On ‘Never Let Me Go’ Brian Molko and Stefan Olsdal strip their process down to the ground and build it back up again. Starting with artwork, then song titles, and only then beginning to compose music, the thirteen tracks are expansive, varied and crucially vital; Placebo sound fully invested here after a few lackadaisical cuts on their recent studio albums.
‘Forever Chemicals’ is a shuddering introduction to the album, glitching synths and staccato drum loops commanding attention, before a hard left turn into ‘Beautiful James’, a gorgeous lullaby carried by a earworm synth line. ‘Hugz’, a straight ahead rocker, and ‘Happy Birthday in the Sky’, a moody rumination on death, are classic Placebo cuts that you feel the duo could bash out in their sleep.
More interesting is ‘The Prodigal’, pairing Molko’s one-of-a-kind vocals with a full orchestra. So often bands can lazily just whack strings on top of a bog standard ballad late in production, but here the orchestration is the foundation of the composition, pizzicato notes adorning the verses before the violins lead a countermelody in the chorus.
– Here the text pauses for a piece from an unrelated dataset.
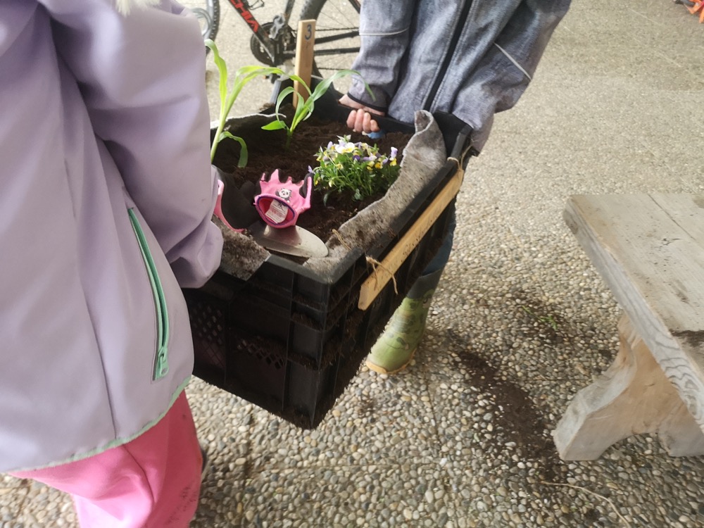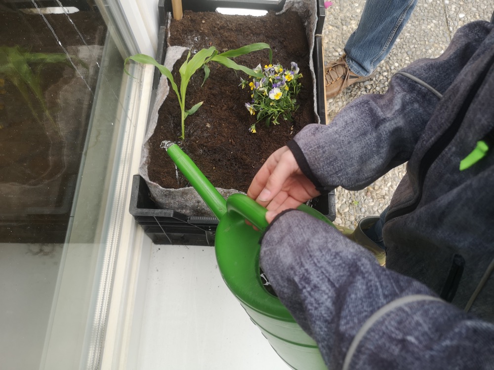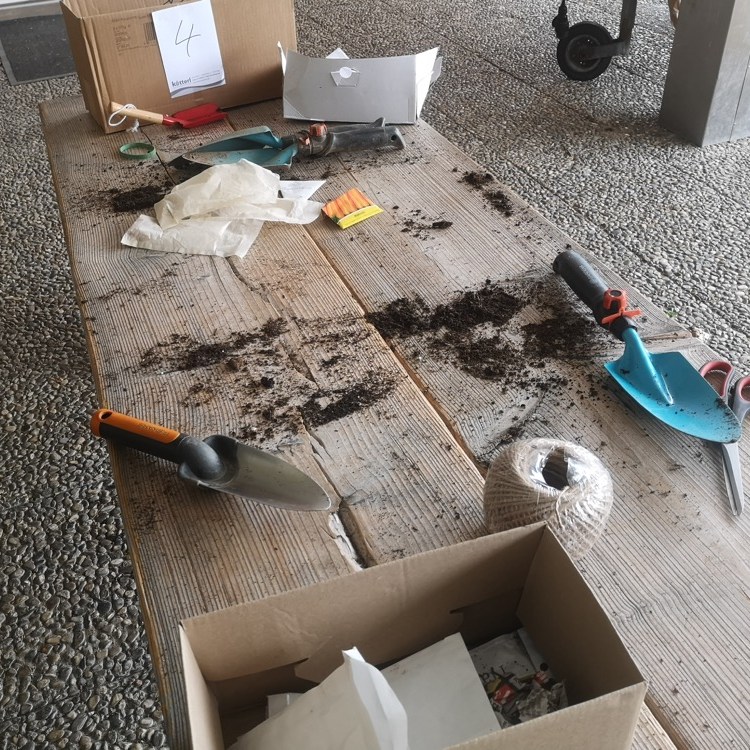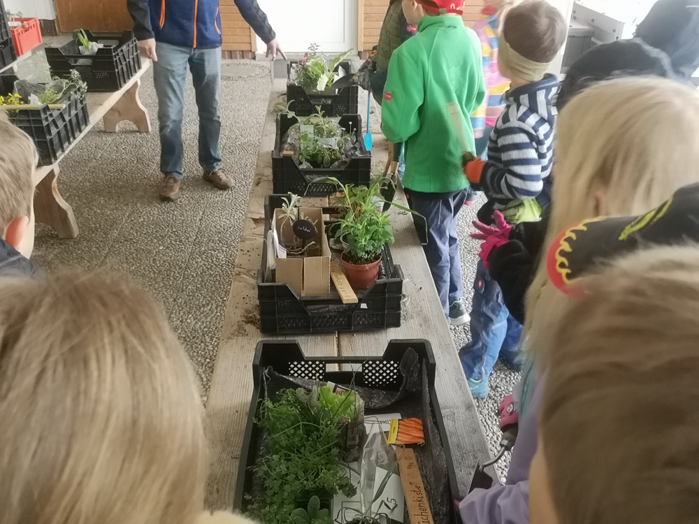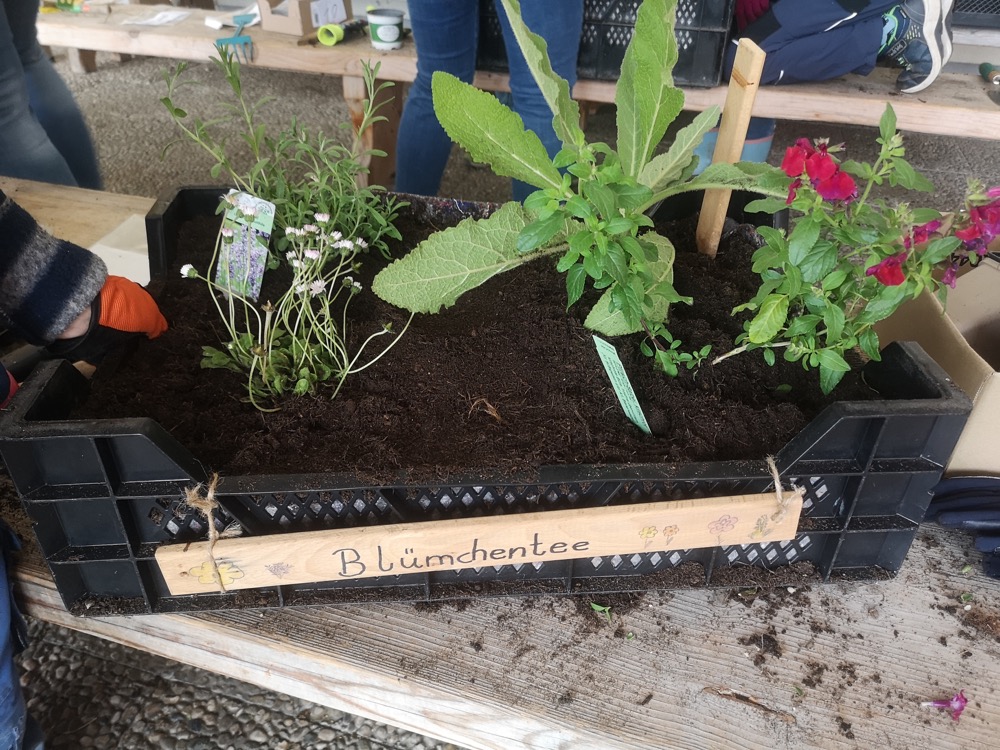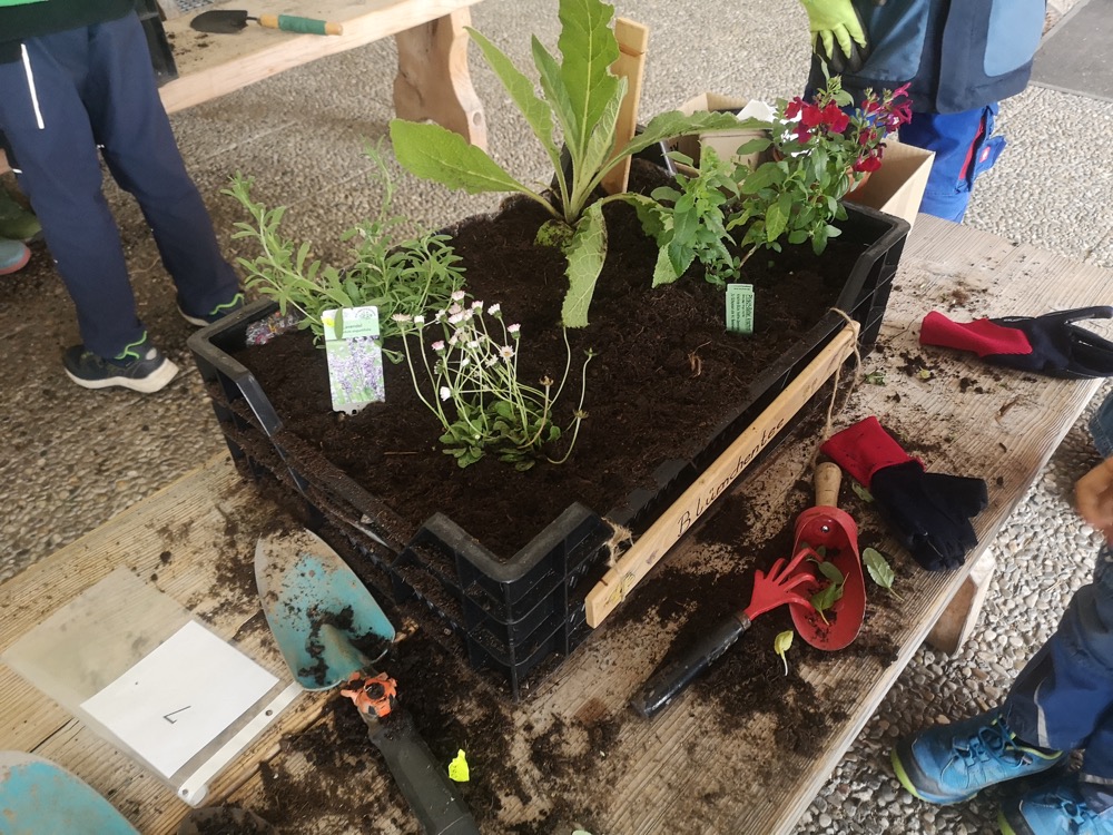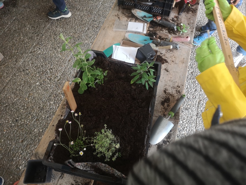 Wie die Ameisen haben alle ihre Arbeit gemacht, und bald waren die Kisten fertig. Schön, dass diese praktische Arbeit von den Lehrerinnen so gut vorbereitet wurde. Mehr noch, sie sind auch nach der Anpflanzung weiter mit den Kindern zuständig. Rosi erinnerte uns im Namen des GBV an die wichtige Bedeutung der Bewässerung und warnte zudem vor der Gefahr einer Vergiftung durch bestimmte Pflanzen wie Tomaten- und Kartoffelblätter.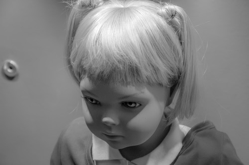 Non so Rob se hai visto un vecchio film di fantascienza, "Il villaggio dei dannati" - la bambola assomiglia parecchio ai protagonisti bambini. http://www.bookandnegative.com/antologia-del-cinema/il-villaggio-dei-dannati-1960/ |

‘Twin Demons’ is a late highlight, echoing the propulsive rhythms of early hit ‘Special K’ and built to be played live. Towards the end of the LP things are taken down a notch, drums artfully tapped rather than thrashed, and acoustic guitar and piano given room to breathe. Individually solid, these tracks would perhaps benefit from being spaced out across the running order, as the final strait gets a bit bogged down.
For all the invention and variation, the most impactful track is perhaps the most basic from a musical perspective. ‘Try Better Next Time’ is a joyous, major key smirk at our probable (and deserved, Molko contends) fate at the hands of a climate catastrophe that’s infectiously catchy.
“I’m as psychologically brutalised by the last few years as anybody who has a heart enough to care,” Molko has said of the record’s subject matter. While not overtly political, there is a anger simmering across the album, aiming at Instagram’s “infinity mirror of narcissism”, humanity’s pathetic shrug at the prospect of ecocide (‘Try Better Next Time’) or baulking at digital surveillance on ‘Surrounded by Spies’ (no surprise the band have banned mobile devices from their release shows this week; we could all do with a respite).
Staying relevant in a commercial sense is likely beyond their control at this point so fair play to Molko and Olsdal for keeping things interesting for themselves, deconstructing their process and trying new things; even if the result isn’t wildly different from what came before, it’s great to have Placebo back and raging against the machine.
Never Let Me Go arrives 25 March via Elevator Lady/SO Recordings.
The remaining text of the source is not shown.